En cuanto a lo que él (s.a.s.)
dijo acerca del asunto de la pobreza, " a quien oculta
llega a ser de su gente", es decir, estos estarán entre
los sabiqûn (los adelantados entre los musulmanes en
el Yanna), incrementando Allah en ellos sus luces y
secretos, que son la dulzura del trato (halâwa
al-mu’âmala) y el conocimiento (ma’rifa).
ADZ-DZIKR
Es un
término referido al recuerdo de la lengua, y es un pilar
fuerte dentro del camino espiritual, y es la proclamación de
la Wilâya.
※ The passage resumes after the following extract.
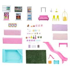 Genç hayaller Barbie Dreamhouse'a taşındığında, bu muhteşem oyuncak evi bir rüya eve dönüştürüyor! 3 feet uzunluğunda ve 4 metre genişliğinde olan Barbie Dreamhouse'un pek çok şaşırtıcı özelliği var. Üç katlı, bir carport (araba dahil değil) ve bir ev ofisi içeren dört oda, dört bebekle dolu bir çalışma asansörü, bir havuz, beş adet dönüştürücü mobilya, ışık, ses ve hoş bir köpek yavrusu da dahil olmak üzere 60'dan fazla ek aksesuara sahiptir. Hepsi dekore etmek için kullanılabilir, sahneyi ayarlayabilir ve pek çok öykü oynatabilir. Tak-çalıştır tasarımı, küçük eller hareket ettikçe parçaları hareket ettirmeye yardımcı olur. İç ve dış mekan düzenlemeleri için süslemeler ve mobilyalar her açıdan oyuna ilham veriyor, ve dönüşümler esnek eylem teşvik ederken anepe ranza haline döner, şömine bir ev ofis haline gelir. Bir açık hava yiyecek standı ve fırın arkada bir barbekü barındırır. Işıklar ve sesler daha da keyifli dokunuşlar ekler ocak tava ile cızırdar ve çaydanlık ıslık çaldığında bir ses çıkarır.

Quien es infundido con el dzikr le es otorgado
esta proclama, y a quien le es arrebatado el dzikr es que ha
sido aislado. El dzikr de la generalidad de los musulmanes
es aquel que se hace con la lengua, el dzikr de la 'Elite es
el que se hace con el corazón, y el de la Élite de la Élite
es el que se hace con el Espíritu y el Secreto, y este es el
testimonio de la Visión cara a cara, y entonces recuerda a
Allah en toda cosa, es decir conoce a Allah en ellas, y aquí
la lengua enmudece y permanece como el aturdido en el estado
de la Visión cara a cara.
Y dijo al-Wâsitî
aludiendo a este estado: "Aquellos que recuerdan a Allah
refuerzan su indiferencia hacia las gentes debido a su
dzikr, porque en su recuerdo no hay otro que El.
AL-WAQT
Este término lo aplican a
aquellos estados por los que atraviesa el 'abd ya sea en
cuanto a contracción, dilatación, tristeza, o alegría.
Dijo Abû 'Alî ad-Daqâq: "El waqt es lo que tu eres en hâl;
si tu estás en el dunya, tu "tiempo", o instante, es
terrenal, y si estás en el Ajira, tu "momento" es acorde con
esto". Lo que se quiere decir con "momento", o "tiempo", es
aquello que predomina en el hombre; se puede querer
significar también con ello el tiempo entre el pasado y el
futuro.
Se ha dicho: "El sufi es hijo
de su instante", queriendo decir con ello que se encuentra
ocupado con lo que le ha sido puesto al cuidado en el
instante, en el momento; no dispone ni en un futuro ni en un
pasado, sino que se ocupa de lo que tiene en el instante.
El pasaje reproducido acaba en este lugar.